Vd. tanbém poste de 15 de setembro de  2020 > Guiné 61/74 - P21361: (De)Caras (160): Cecília Supico Pinto (1921-2011)... "Cilinha, uma mulher que aprendi a admirar e a respeitar, mesmo discordando dos seus objetivos políticos" (António Murta, autor de uma belíssima reportagem fotográfica da visita da histórica líder do MNF a Nhala, em 10/3/1974, e que ela nunca viu em vida)

sábado, 10 de fevereiro de 2024

Guiné 61/74 - P25156: Os nossos seres, saberes e lazeres (613): Itinerâncias avulsas… Mas saudades sem conto (141): Com que satisfação regressei à Princesa do Alentejo, uma incompreensível ausência de décadas (1) (Mário Beja Santos)

1. Mensagem do nosso camarada Mário Beja Santos (ex-Alf Mil Inf, CMDT do Pel Caç Nat 52, Missirá e Bambadinca, 1968/70), com data de 1 de Novembro de 2023:

Queridos amigos,
Quando comecei a preparar este passeio a Évora, soltou-se-me uma recordação e estou a ver a minha adorada avó materna na cama, derrubada por um AVC, a ouvir na sua telefonia marca PYE canções alentejanas nas vozes de Francisco José e Luís Piçarra; havia um programa de discos pedidos pelos ouvintes e eu tinha a recomendação de pedir com regularidade O Meu Alentejo, por Francisco José, foram pedidos até à exaustão, mas era um consolo da minha ditosa avó, e falava-se de Évora com uma regularidade inusitada.
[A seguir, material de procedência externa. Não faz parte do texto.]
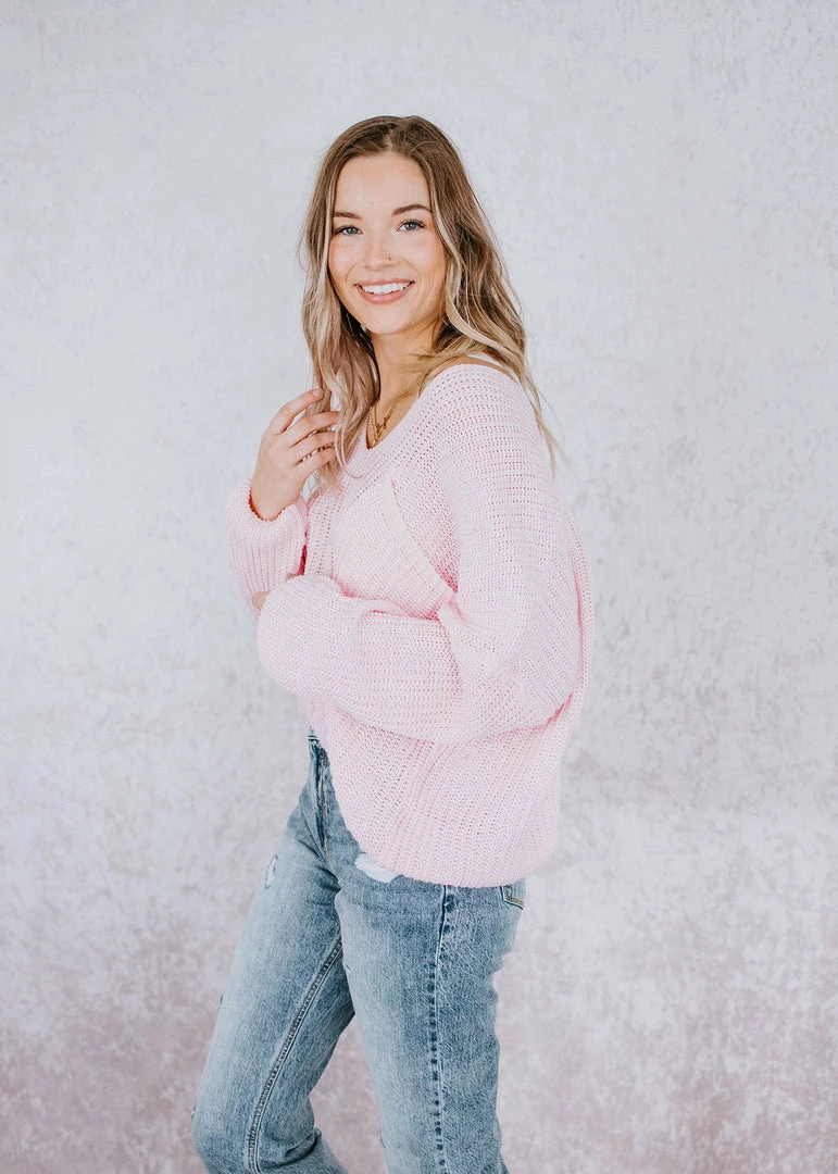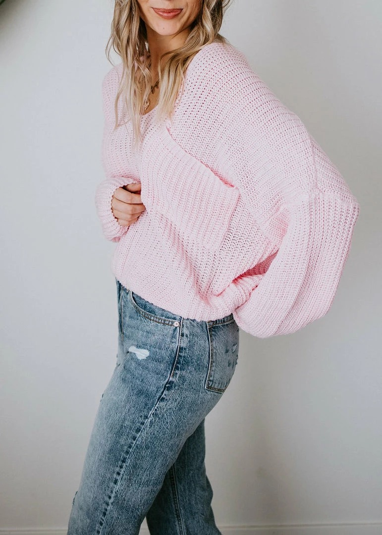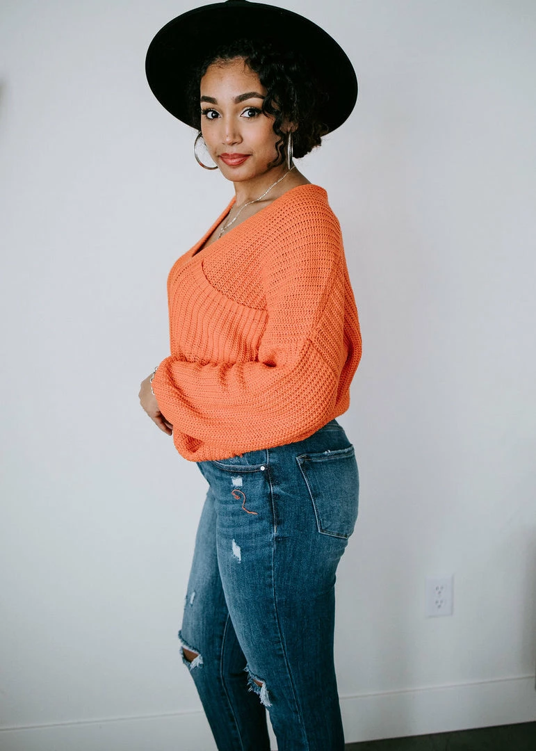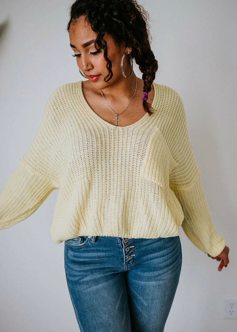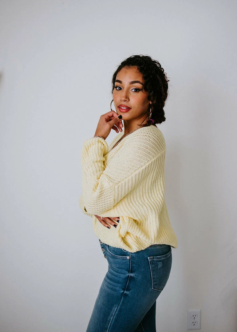 Brighten up your wardrobe with this must-have sweater that comes in a variety of dazzling colors! This ribbed knit sweater can be worn year-round and is designed with a deep V-neck, dropped shoulders, and long sleeves. With a slightly cropped hem and a front patch pocket. Take casual to a whole new level by throwing this on over a cami or brami. Pair with distressed shorts in the summer and jeans in the cooler months. Baylee and Cathyliana are wearing an S-M.
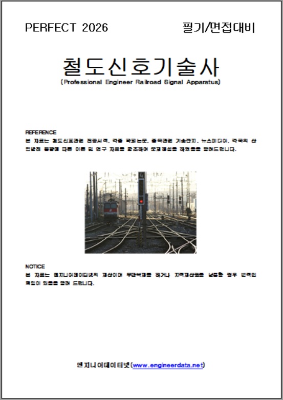 2026년 필기/면접대비 철도신호기술사 해설집을 2025년 137회까지 출제문제와 예상문제, 참고자료를 업데이트하여 판매하니 edn@engineerdata.net으로 문의하시거나 033-452-9081으로 전화를 주시면 샘플과 함께 상세하게 안내하여 드리며 하기 목차는 지금까지 출제된 문제를 풀이하여 답안지 형식으로 전개한 것입니다.

Consolo também senti com este fim de semana inteiro a calcorrear Évora, sopesando as palavras de José Saramago, a cidade é muito mais do que está consagrado no Património da Humanidade, há uma intemporalidade que acaba por se revelar na dinâmica entre o antigo, o que é restaurado, o inovado e a permanência da cultura contemporânea, tudo se articula em bom concerto, é isto que dita a especificidade eborense.

Um abraço do
Mário



Itinerâncias avulsas… Mas saudades sem conto (141):
Com que satisfação regressei à Princesa do Alentejo, uma incompreensível ausência de décadas (1)


Mário Beja Santos

Desta vez preparei-me a sério, procurei munição do melhor calibre, desde um roteiro turístico do Património Mundial, obras de Túlio Espanca, folhetos vários dedicados a museus, casas apalaçadas, belezas perenes desde o chamado Templo de Diana ao Centro Cultural da Fundação Eugénio de Almeida. Mas não resisti, à guisa de introito a este passeio pegar no belo álbum que a idealidade de Évora preparou para a candidatura da cidade a Património da Humanidade, é um luxo, texto de José Saramago e fotografias de Eduardo Gageiro. De mestre Gageiro não me atrevo a falar, seria insulto concorrer a minha câmara com a genialidade das suas imagens. Peço é licença a Saramago para uma citação que extraí deste álbum:
“A singularidade de Évora não deve ser procurada nas suas igrejas nem nos seus palácios. Palácios e igrejas é o que não falta pelo mundo fora, muitos deles, sem dúvida, de maior beleza e sumptuosidade do que estes que a invenção criadora e o engenho edificador de gerações portuguesas souberam erguer aqui. Évora podia ter a Sé, e apesar disto não ser Évora. Podia apresentar à admiração universal a relação completa dos seus elementos, e Évora continuar a não ser. Podia enumerar e descrever com amorosa minúcia os méritos arquitetónicos e artísticos de S. Francisco e de S. Brás, dos Paços de D. Manuel e da igreja da Graça, dos Loios e do Templo Romano, do Aqueduto da Água da Prata e do Seminário Maior, e ainda assim não chegaria a ser Évora. Há cidades que são sobretudo famosas pelos esplendores materiais que o tempo nelas foi depositando, ao passo que esta Évora seria sempre a Évora que profundamente sabemos ser, mesmo que um maligno passe de prestidigitação fizesse desaparecer da noite para o dia os seus atrativos mais evidentes, deixando-a apenas com a nudez das suas ruas e dos seus pátios, dos seus largos e calçadas, dos seus becos e travessas, das suas arcadas, dos seus terreiros. Com a nudez das suas frontarias, com a claridade das suas fontes, com o segredo das suas portas.
Porque Évora é principalmente um estado de espírito, aquele estado de espírito que, ao longo da sua história, a fez defender quase sempre o lugar do passado sem negar ao presente o espaço que lhe é próprio, como se, com o mesmo olhar intenso que os seus horizontes requerem a si mesma se tivesse contemplado e portanto compreendido que só existe um modo de perenidade capaz de sobreviver à precariedade das existências humanas e das suas obras: segurar o fio da história e com ele bem agarrado avançar para o futuro. Évora está viva porque estão vivas as suas raízes.”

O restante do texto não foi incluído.